Specific prohibitions:

- `SHA-256(secret_a || secret_b)` as a KDF — NO
- `MD5(...)` anywhere — NO
- `SHA-1(...)` as a KDF — NO (HMAC-SHA-1 as a PRF inside a real KDF is acceptable; see exceptions)
- `XOR(master_key, constant)` to derive subkeys — NO
- "I just hash the password and use that as the key" — NO
- A single hash iteration on a password — NO
- PBKDF2 over a high-entropy input — pointless, but more importantly it signals confusion about the entropy class

## Why

A KDF has two jobs:

1. **For high-entropy IKM**: extract uniformity (turn whatever bit pattern your input has into output indistinguishable from random) and expand to any output length, with domain separation via `info`. HKDF is the named construction for this.

2. **For low-entropy IKM**: do (1) AND impose computational cost on the attacker that scales beyond the size of the input search space.
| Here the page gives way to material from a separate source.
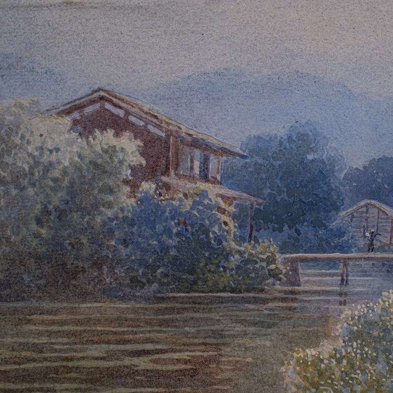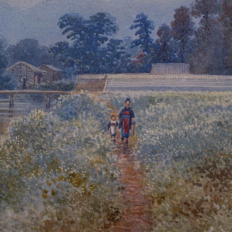 Endearing Japanese school watercolour with wonderful colour and brush work

Argon2/PBKDF2/scrypt do this; a plain hash does not.

Ad-hoc constructions (like `SHA-256(a || b)`) accidentally satisfy (1) sometimes — the SHA-256 output IS uniform — but they fail at (2) when applied to passwords (no work factor) and fail at composability. They also miss subtle properties real KDFs guarantee:

- **Domain separation**: HKDF's `info` parameter cleanly separates output spaces; a custom `SHA-256(a || b || "purpose")` only domain-separates if `||` is unambiguous (it usually isn't — length-prefix or you have collision attacks)
- **Deterministic output independence**: deriving `enc_key` and `mac_key` from the same IKM via HKDF gives mathematically independent outputs; ad-hoc constructions don't have this guarantee
- **Length flexibility**: HKDF-Expand outputs any length up to 8160 bits; concat-and-hash gives you exactly `hash_size` bits without further structure

For low-entropy inputs, the attack is simpler: a 6-character password has ~30 bits of entropy. A modern GPU computes ~10^10 SHA-256 hashes per second. An ad-hoc `SHA-256(password)` is brute-forced in seconds. PBKDF2 with 600k iterations imposes a ~600k× slowdown; Argon2id with `m=64MB` imposes ~64MB of memory pressure per guess, defeating GPU/ASIC attackers.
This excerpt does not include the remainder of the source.